- [Data excerpt]

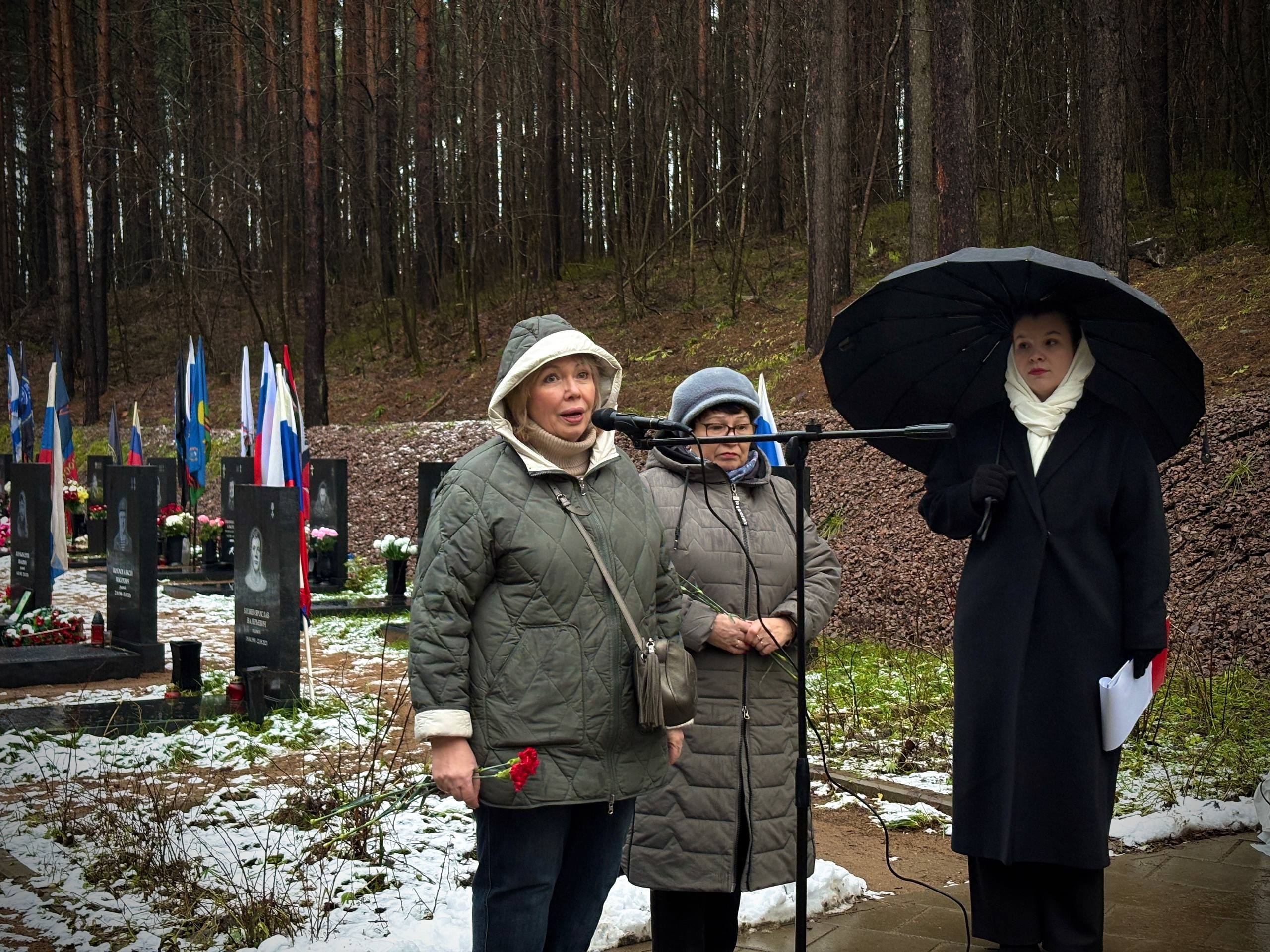 Траурный митинг состоялся и в Суоранде, на Пундоловском кладбище, где нашли упокоение 32 участника СВО – год назад здесь появился мемориал, который стал архитектурным и идейным продолжением братского захоронения советских воинов, участвовавших в освобождении Ленинграда в годы ВОВ. Гвоздики к обелиску принесла и труженица тыла Валентина Езжеленок, которая до сих пор помнит бомбежки, голод и разруху сороковых.
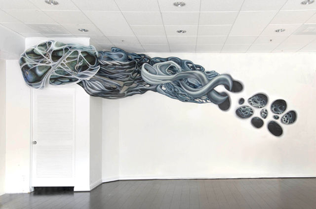 In my drawings and paintings, I depict complex yet often subtle energies that animate living things. Using depictions of flora as symbols, flowers breathe, pushing and pulling energies along the edge between life and death. I use ideas of thresholds and portals, to examine the transitions between these realms. My installation work draws from the same ideas, while bringing the artwork into the physical space of the viewer. Gallery walls serve as the metaphorical threshold between life and death, the visible and invisible, tangible and intangible.
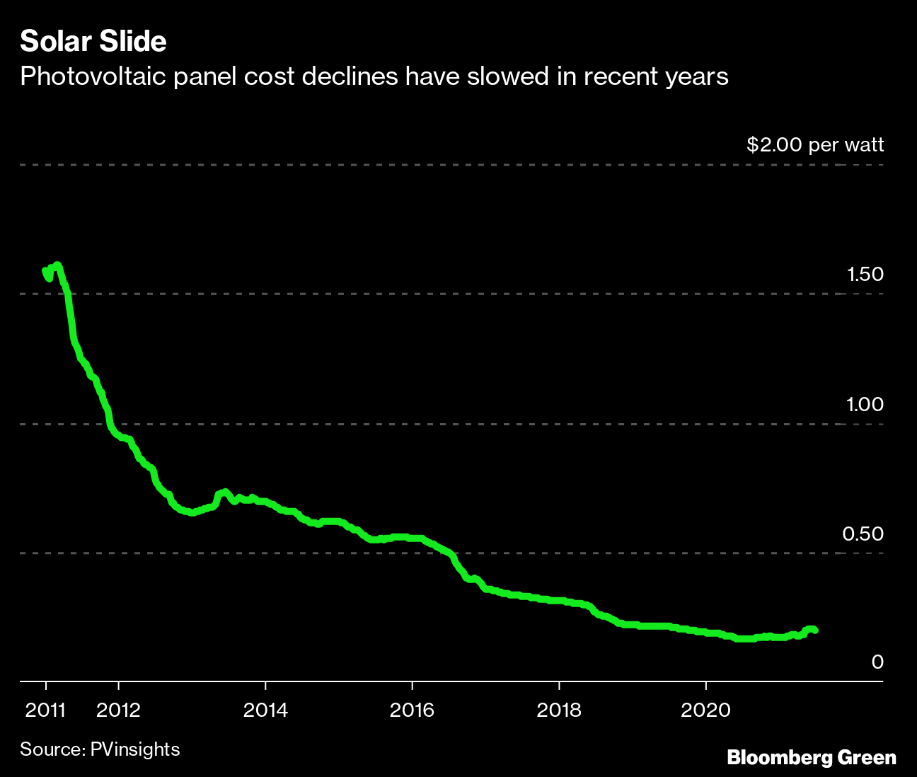 A push for more powerful solar equipment underscores how further cost reductions remain essential to advance the shift away from fossil fuels. While grid-sized solar farms are now typically cheaper than even the most advanced coal or gas-fired plants, additional savings will be required to pair clean energy sources with the expensive storage technology that’s needed for around-the-clock carbon-free power.
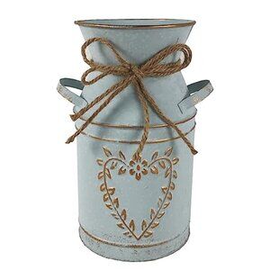 Vintage Galvanized Milk Can, Farmhouse Decorative Flower Vase, Rustic Shabby Chic Vase with Handle for Home Office Decor 7.5"

- [Task prompt]
When you reach the line containing "A push for more" in the listing above, reproduce it and every line after it through the last, exactly; omit the pictures.

- [Exercise response]
 A push for more powerful solar equipment underscores how further cost reductions remain essential to advance the shift away from fossil fuels. While grid-sized solar farms are now typically cheaper than even the most advanced coal or gas-fired plants, additional savings will be required to pair clean energy sources with the expensive storage technology that’s needed for around-the-clock carbon-free power.
 Vintage Galvanized Milk Can, Farmhouse Decorative Flower Vase, Rustic Shabby Chic Vase with Handle for Home Office Decor 7.5"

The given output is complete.